What the task asks
Could you print the stretch of lines below from the one with "再里爾（右三）在新聞發布會上，以數據表示電訊塔的安全性。" through the one with "לפי פרטי ההסכם, שנחתם", exactly as they stand and without any pictures?

Exercise inputs

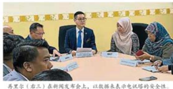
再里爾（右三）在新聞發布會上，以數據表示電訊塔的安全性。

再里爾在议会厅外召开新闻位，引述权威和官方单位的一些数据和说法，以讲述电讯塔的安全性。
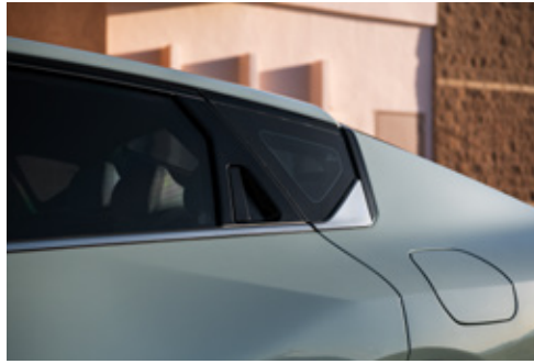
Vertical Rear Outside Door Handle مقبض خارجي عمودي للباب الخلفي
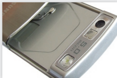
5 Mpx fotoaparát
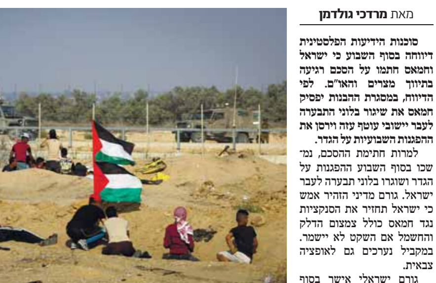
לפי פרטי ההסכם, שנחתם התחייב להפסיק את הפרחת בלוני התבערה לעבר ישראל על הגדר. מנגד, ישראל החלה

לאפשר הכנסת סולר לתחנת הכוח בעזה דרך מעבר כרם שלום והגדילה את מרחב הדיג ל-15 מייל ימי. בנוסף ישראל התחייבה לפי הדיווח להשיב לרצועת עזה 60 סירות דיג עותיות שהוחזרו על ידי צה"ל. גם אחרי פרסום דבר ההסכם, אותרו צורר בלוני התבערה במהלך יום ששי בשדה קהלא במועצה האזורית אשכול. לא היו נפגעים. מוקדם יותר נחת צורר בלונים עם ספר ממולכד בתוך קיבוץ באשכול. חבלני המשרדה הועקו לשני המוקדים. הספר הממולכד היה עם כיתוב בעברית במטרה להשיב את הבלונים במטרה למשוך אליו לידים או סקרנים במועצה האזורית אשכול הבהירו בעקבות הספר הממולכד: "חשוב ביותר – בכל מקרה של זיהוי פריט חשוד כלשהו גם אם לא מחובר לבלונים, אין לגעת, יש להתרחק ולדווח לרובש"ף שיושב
* * *
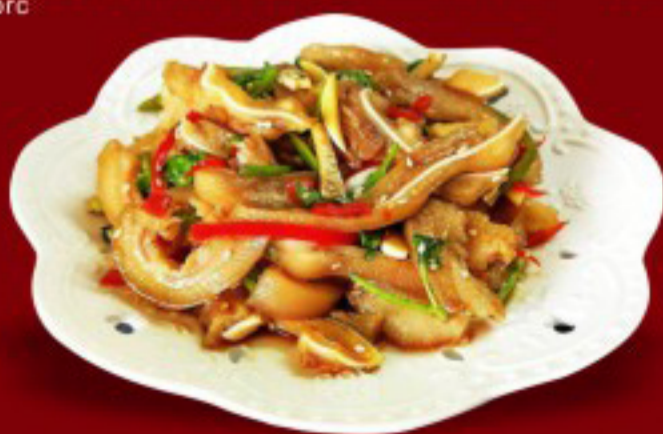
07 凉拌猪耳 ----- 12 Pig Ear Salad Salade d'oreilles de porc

Reply to the exercise
再里爾（右三）在新聞發布會上，以數據表示電訊塔的安全性。

再里爾在议会厅外召开新闻位，引述权威和官方单位的一些数据和说法，以讲述电讯塔的安全性。
Vertical Rear Outside Door Handle مقبض خارجي عمودي للباب الخلفي
5 Mpx fotoaparát
לפי פרטי ההסכם, שנחתם התחייב להפסיק את הפרחת בלוני התבערה לעבר ישראל על הגדר. מנגד, ישראל החלה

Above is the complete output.